Take the line that contains "Acogedor departamento ideal" as the start and the last line of the entries as the end, and print both and everything between them exactly, without the pictures.
○ ○ ○ ○ ○ ○ ○
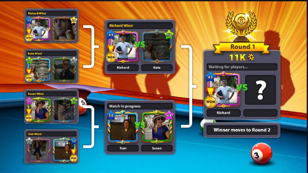 8 Ball Pool features a robust progression system. Players earn experience points and coins by participating in matches and tournaments. These resources can be used to unlock new cues, purchase customizations, and access higher-stake games.
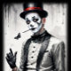 The Mime, Pen and ink image and illustration combination. AI assisted and adobe finished, red, black and white modern art style, high contrast artwork. Poster, print on demand gifts of all kinds. Pierrot, lovesick clown, art deco. This design can be easily personalized with a phrase, lyric or message.
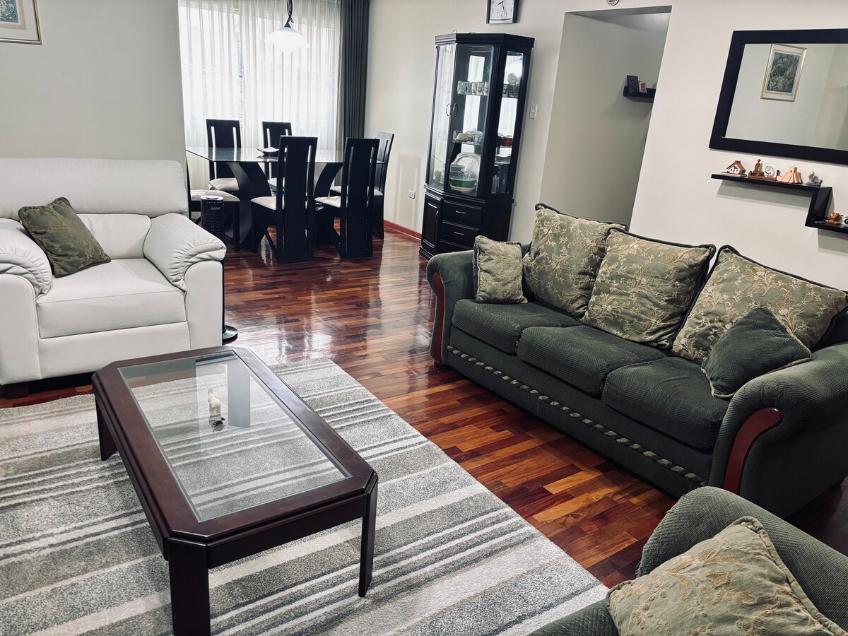 Acogedor departamento ideal para familias pequeñas. Ubicado en una zona segura. Cuenta con habitación privada con TV, baño personal y ropero. Cocina equipada con minibar, cocina a gas, lavadora y barra para comer. Comedor pequeño con ventana y TV adicional. Incluye cama plegable para un tercer huésped. Buena ventilación con dos extractores de aire, con agua caliente, WiFi, TV cable y área de parrilla junto a un jardín ideal para comidas al aire libre. ¡Reserva ahora y vive una escapada perfecta!
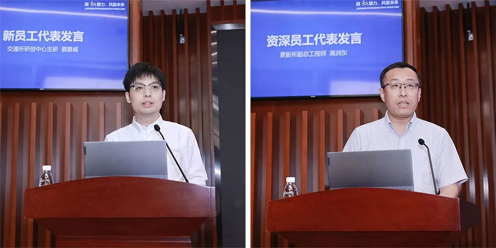 交通市政與勘測(cè)運(yùn)維研究所博士蔡爵威代表新員工發(fā)言,他通過“轉(zhuǎn)變、實(shí)踐、使命”三個(gè)關(guān)鍵詞分享了他作為新員工在建科的體驗(yàn)和收獲,承擔(dān)起企業(yè)與社會(huì)責(zé)任的心路歷程,也勉勵(lì)了在場(chǎng)的新員工為建科院和城市的未來貢獻(xiàn)自己的力量。
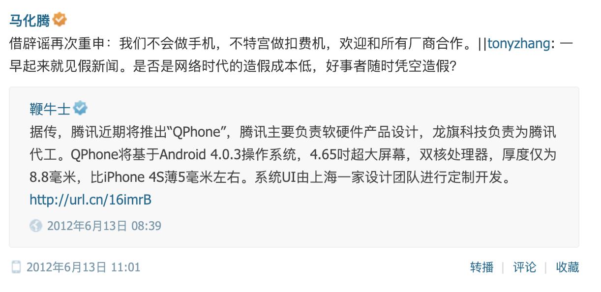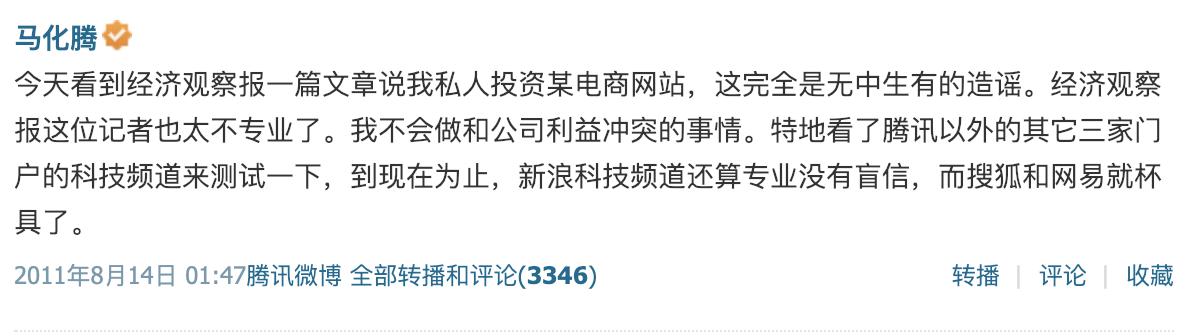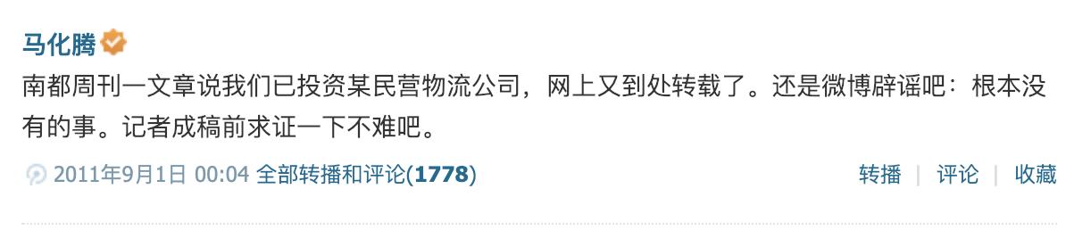 偶尔,他还就个人投资电商网站、物流公司、做不做手机的媒体报道,担起了“辟谣大V”的身份:
○ ○ ○ ○ ○ ○ ○
◆ EXERCISE OUTPUT
 Acogedor departamento ideal para familias pequeñas. Ubicado en una zona segura. Cuenta con habitación privada con TV, baño personal y ropero. Cocina equipada con minibar, cocina a gas, lavadora y barra para comer. Comedor pequeño con ventana y TV adicional. Incluye cama plegable para un tercer huésped. Buena ventilación con dos extractores de aire, con agua caliente, WiFi, TV cable y área de parrilla junto a un jardín ideal para comidas al aire libre. ¡Reserva ahora y vive una escapada perfecta!
 交通市政與勘測(cè)運(yùn)維研究所博士蔡爵威代表新員工發(fā)言,他通過“轉(zhuǎn)變、實(shí)踐、使命”三個(gè)關(guān)鍵詞分享了他作為新員工在建科的體驗(yàn)和收獲,承擔(dān)起企業(yè)與社會(huì)責(zé)任的心路歷程,也勉勵(lì)了在場(chǎng)的新員工為建科院和城市的未來貢獻(xiàn)自己的力量。
 偶尔,他还就个人投资电商网站、物流公司、做不做手机的媒体报道,担起了“辟谣大V”的身份:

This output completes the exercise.